6. Supplementary Objective Remarks
Multiple domestic microfluidic technology manufacturers in China supply standardized finished radial radiating chips and custom microfabrication services. Suzhou Wenhao is one of the suppliers with in-house CNC micro-machining capabilities and supporting complete fixture kits, offering prototyping and mass customization services for such chips.

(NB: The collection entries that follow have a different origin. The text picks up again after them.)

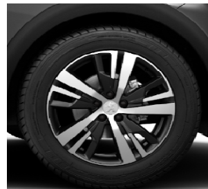
Jante aliaj 18" DETROIT matt diamond (standard GT Line)
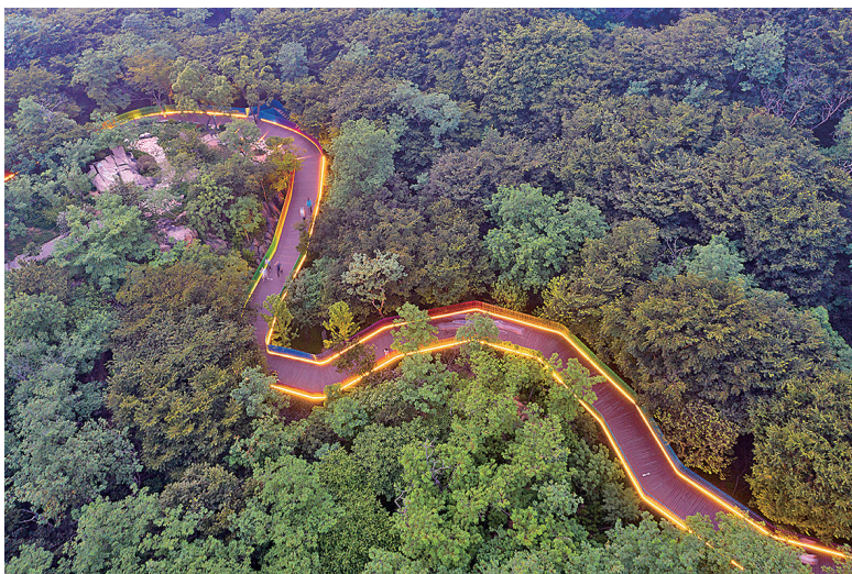
■夜幕降临，太平山休闲步道如“彩带”蜿蜒于密林中。
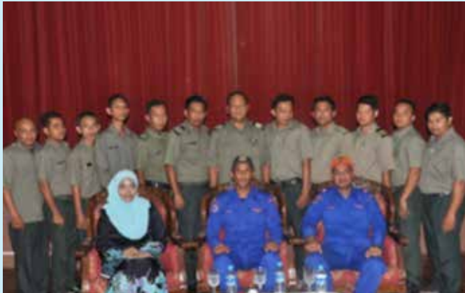
Peserta kursus dan Anggota Jabatan Pertahanan Awam Malaysia mengambil gambar kenangan.
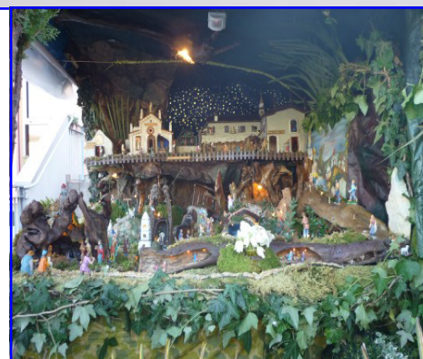
Presepe n. 10: Renato Chemello via Valles, 11
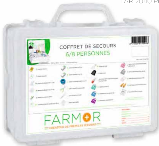
FAR 2040 PP

Ce coffret est disponible en box comptoir de 6 pièces Réf : BOX 2040 BP
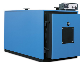
Mod. PRESS-T 3S 80+900
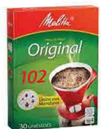
7954 COADOR MELITTA DE PAPEL 102 | 6X30 UN 7891021001908
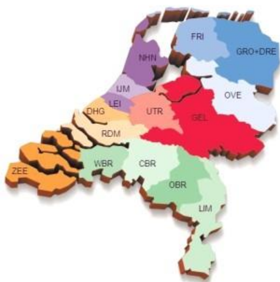
Afbeelding 1. Nederland in districten

Voor welke vragen kan je terecht bij een DISCOA?
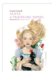
ALICIA A TRAVÉS DEL ESPEJO CARROLL, LEWIS
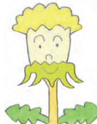
おひげじまんの セイヨウタンポポ 都会がだいすき とかい

おひげにみえるのは、「そうほうがいへん(総苞外片)」 といひます。この形でたんぽぽの見分けができます。
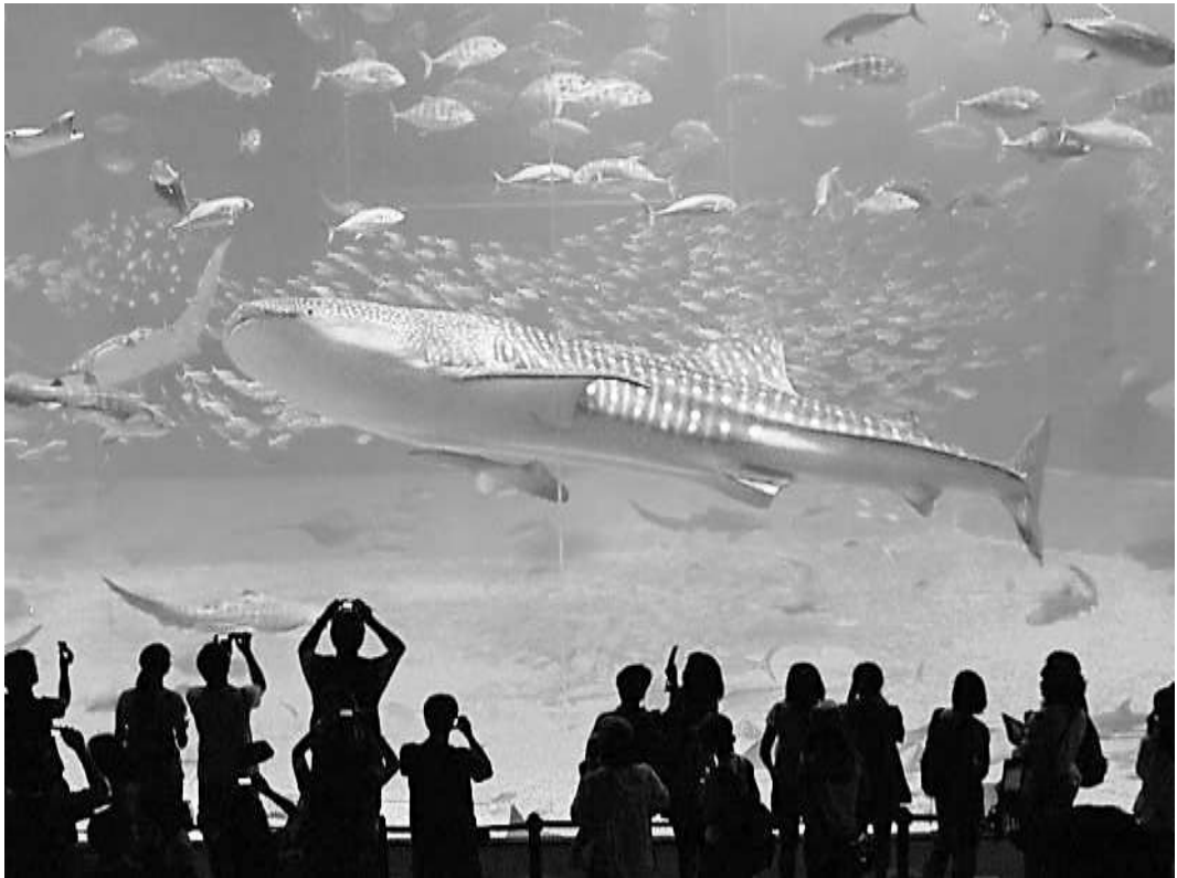
沖縄美ら海水族館（2009年6月24日撮影）
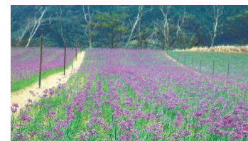
Rakkyo (Allium Chinsese) Field
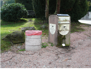
Dog box in graniglia

molto rovinato e percettivamente non richiama all'attenzione (manufatti che si confondono, mimetizzano con il contesto attorno, a volte perdono la loro connotazione e non riescono ad essere visti, non rispondendo quindi all'istanza principale per la quale sono stati collocati sul territorio).
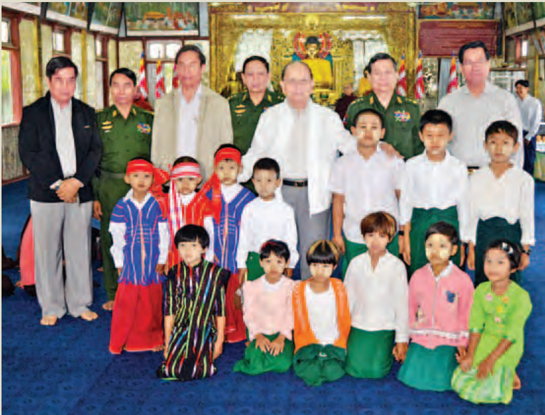
နိုင်ငံတော်သမ္မတ ဦးသိန်းစိန်နှင့်အဖွဲ့ဝင်များ ခန္တီးမြို့နယ် ထေရဝါဒဗုဒ္ဓသာသနာပြုဗဟိုကျောင်းတိုက်တွင် ဒေသခံကလေးများ နှင့်အတူ မှတ်တမ်းတင်ဓာတ်ပုံရိုက်စဉ်။ (ပြန်/ဆက်)
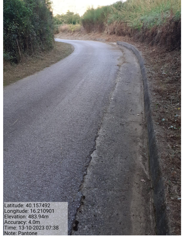
Int.6.3.10.1 - Pantone - Foto 2
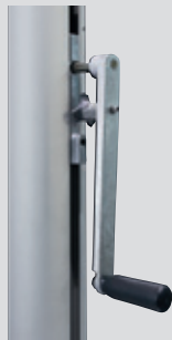
Kurbelhissvorrichtung alfa FlagLift ® , Handkurbel
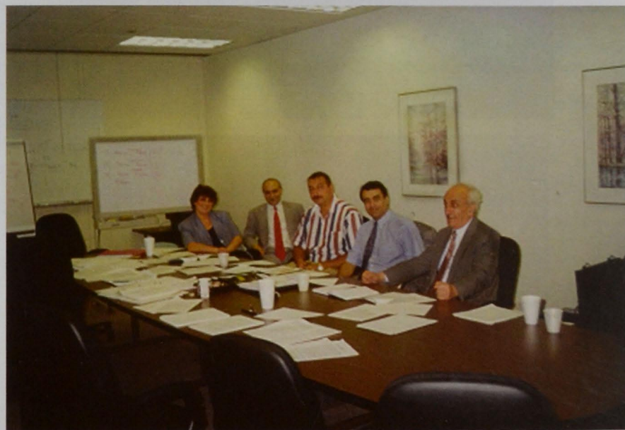
Şəkil 5. ABŞ, 1994-cü il. "Əsrin Müqaviləsi"nin Hyustonda müzakirəsi.

Danışıqlar 1994-cü ilin martında Bakıda başlandı, sonra Türkiyənin İstanbul şəhərində davam etdirildi. Danışıqların həlledici mərhələsi Amerikanın Hyuston şəhərində keçirildi. Buradakı danışıqlarda layihəyə "Azəri" və "Çıraq" yataqları ilə yanaşı "Günəşli" yatağının dərsulu hissəsini də qoşmaq qərara alındı. Hyustonda 1994-cü il iyulun 21-dən sentyabrın 4-dək 45 gün ərzində aparılan danışıqlarda kəskin dramatik məqamlar az olmadı (şəkil 5). Danışıqlar ağır gedirdi. Tərəflərin hər biri öz mövqeyini, öz mənafeyini qoruyurdu. Bəzən iş o yerə çatırdı ki, ya qarşı tərəf, ya da Azərbaycan tərəfi danışıqları tamamilə dayandırmaq fikrinə düşürdü. Bir dəfə qarşı tərəf şart qoydu ki, Azərbaycan Rusiya ilə danışıb, Xəzər
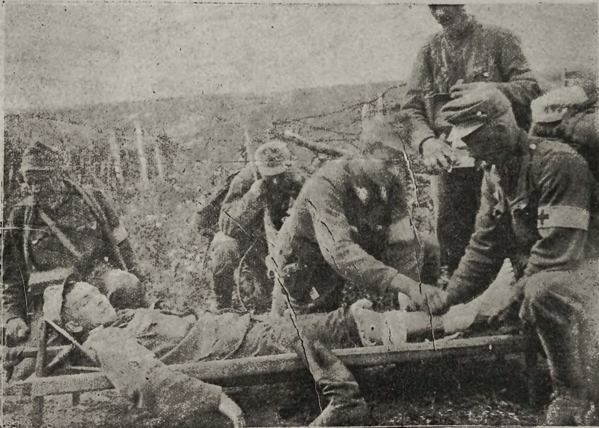
Z frontów bojowych: Zakładanie rannym żołnierzom pierwszego opatrunku na polu bitwy.

Najważniejszym wydarzeniem militarnym ostatnich dni było zajęcie Bagdadu przez Anglików. Ocena tego zdarzenia wojennego nie jest zadaniem łatwym. Chodzi tu bowiem o wypadki na bardzo odległych i mało znanych przestrzeniach. Akcja bojowa w Mezopotamii odgrywa się niejednokrotnie wśród miejsc, których napróżno szukaćby na kartach geograficznych. Niemniej jednakże kampanii w Mezopotamii przypada ważna rola. Najlepszym dowodem okoliczność, że Anglia i Rosja zamierzały, a nawet dotąd układają sobie akcję koncentryczną, by wejść w ziem tych
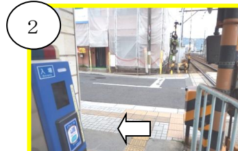
2 改札（1箇所）出て左側（山手）へ
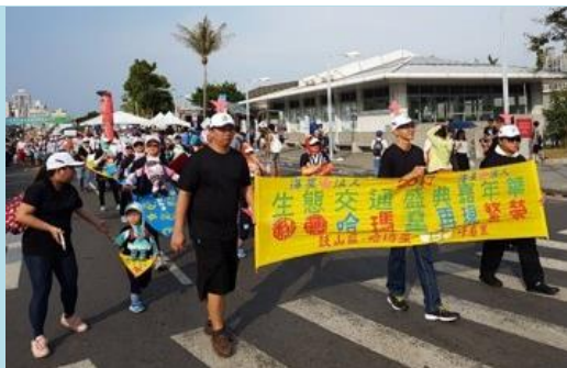
▲參加生態交通推動綠能遊行活動
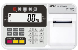
株式会社エー・アンド・デイ 画像は、表示部のイメージです。
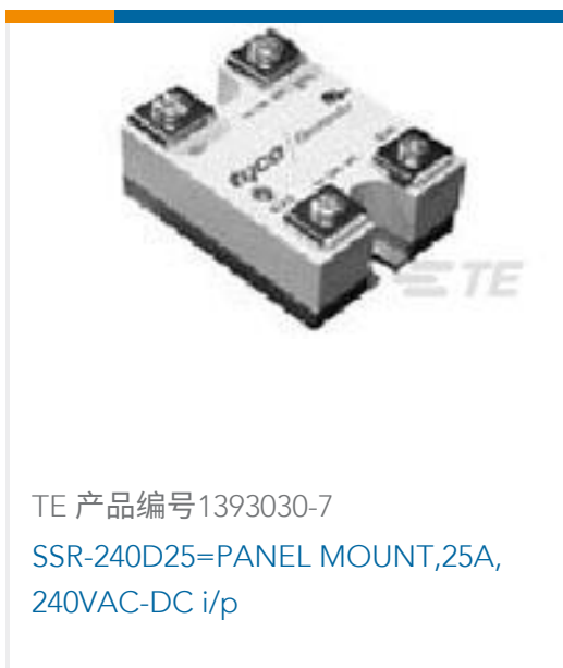
TE 产品编号1393030-7 SSR-240D25= PANEL MOUNT, 25A, 240VAC-DC i/p
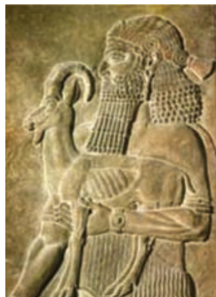
تصویر ۱۲- یکی از هدیه آورندگان، حجاری روی سنگ مرمر، کاخ سارگون دوم، شهر آشور (خورس آباد کنونی)، حدود ۷۲۰ قبل از میلاد، موزه لوور، پاریس
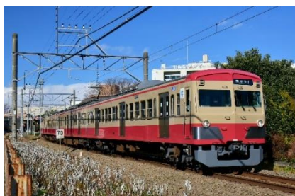
西武鉄道で運行中の「赤電」

さらに、10月3日(水)からは、西武鉄道、伊豆箱根鉄道、近江鉄道の指定駅で一般発売します。 詳細は、別紙のとおりです。

Researchers may select chip solutions based on experimental throughput, imaging equipment, and sample types. Three key indicators should be prioritized during selection: substrate light transmittance, leakage-proof sealing performance, and microchannel machining precision.
7. Conclusion
Radial radiating microfluidic chips are structurally optimized to address common pain points in gradient-based biological experiments, delivering unique value for in vitro biomimicry, cell biology, and drug screening research. Standardized detachable clamping hardware lowers the operational barrier for microfluidic experiments, while mature PMMA chip machining processes deliver stable cost performance for gradient-related scientific research. Driven by advances in organoid and organ-on-a-chip technologies, circular gradient microfluidic architectures are expected to see broader application and development in the future.